However: We have seen many years where the cycle of flowering and the availability of native pollinators was out of sync. Tame honeybees can get into operation much earlier in the season or when there's a surprise cold snap.

Native bees plus honeybees is a belt-and-suspenders method of keeping your pants up and ensuring plentiful harvests. My 2c.
1 day ago

M Ljin wrote:Bump! Nettle soup is very tasty and good to have around. I’ve been having it with nettles, ramps, garlic leaves, dame’s rocket, wild sweet-cicely, miso, and beans.


Nettles are a wildly invasive species here. Ten years of hand-to-hand combat. Still I'm willing to don my Viking helmet and welding gloves in a good cause.

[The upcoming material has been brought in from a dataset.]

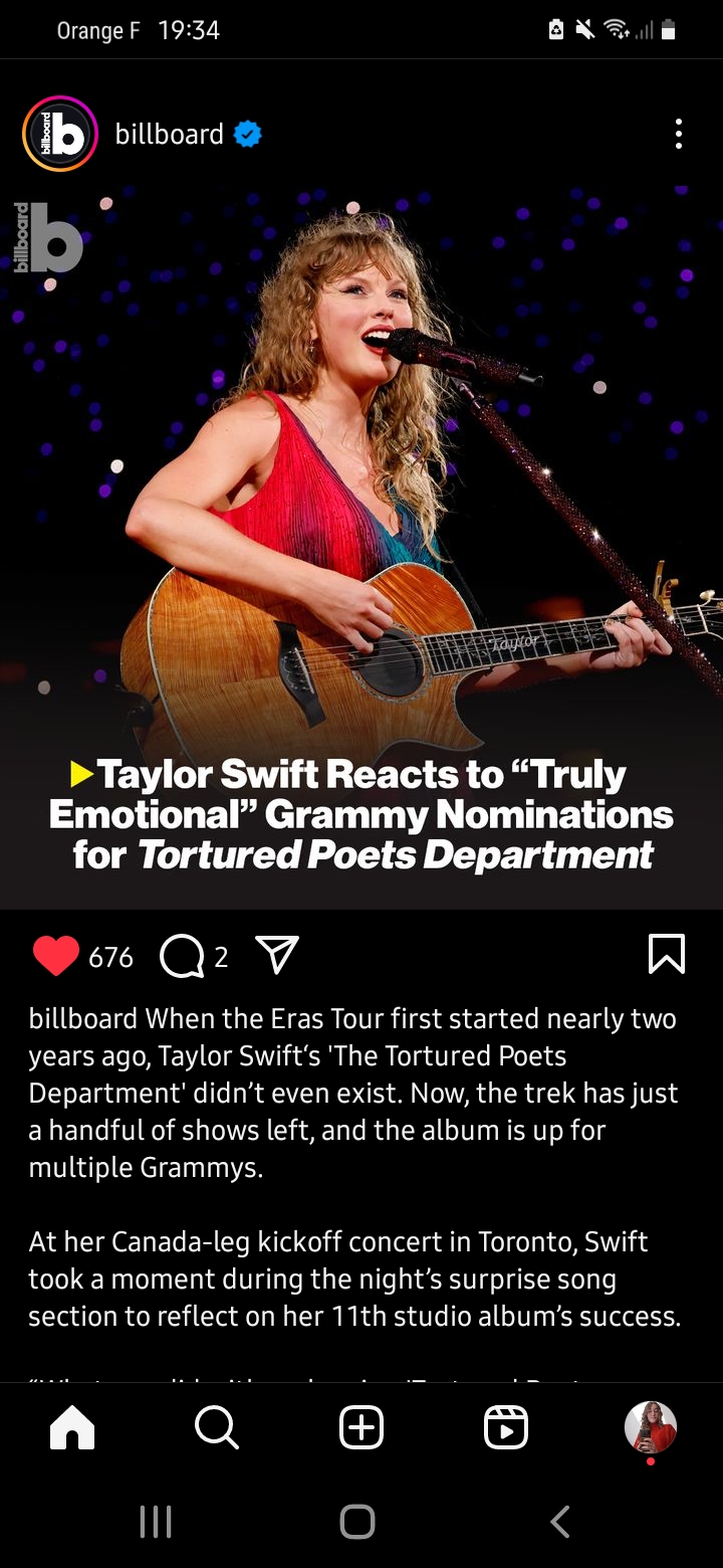 [Emma] Donc là c'est toujours Billboard. Donc là c'est pas un classement. Donc là c'est juste une information. Donc il y a eu les nominations pour des prix les Grammys Awards. Et donc là c'était Taylor Swift qui avait réagi. [Prof Doc] Et de suivre l'actualité comme ça du monde de la culture avec Billboard. Encore une fois ça influence vos choix culturels ? Vos choix d'écoute ? Vos choix de lecture ? Vos choix de... [Emma] Bah des fois oui. Mais c'est pour aussi savoir parce qu'en tendance comme vous avez dit. [Prof Doc] Ouais c'est ça. C'est les tendances qui vous intéressent. [Emma] Ouais plus.

But you can't just tell me "soup is nice." I need to know the recipe that will make mortal combat with nettles worthy of the risk. Eat the enemy!
2 days ago

John Weiland wrote:[ On a lark, I had angled grinder in use that day and ground off the rust on the fork to reveal the problem.  There indeed was a pin through the head, but the pin heads had been fused so cleanly with the fork head metal (welded?) that planning a removal procedure looked daunting.  I was able to drill out one side of the pin, but the non-drilled side is well afixed....even after pounding the drilled side with a punch.  Any suggestions for completing this job would be welcomed....Thanks!



The first option is to heat the rivet head with a small propane torch (a plumber's torch) to try to break the rust weld by expansion and contraction.

The other option is to turn the rivet head into a crude bolt head that you can grab with a big vise-grip. I'd use an angle grinder and cold chisel. Then you can twist and pull on the rivet head.
2 days ago

Jon Bee wrote:EDIT:  I just backed the pressure switch down and the pressure went from 20 PSI to 40 PSI.  The breaker still trips every time it reaches 40 PSI.  It seems like no matter what the range is set at, the pump will run fine for 10-20 seconds, then get to top of range and the breaker trips.  Maybe I should replace the pressure switch?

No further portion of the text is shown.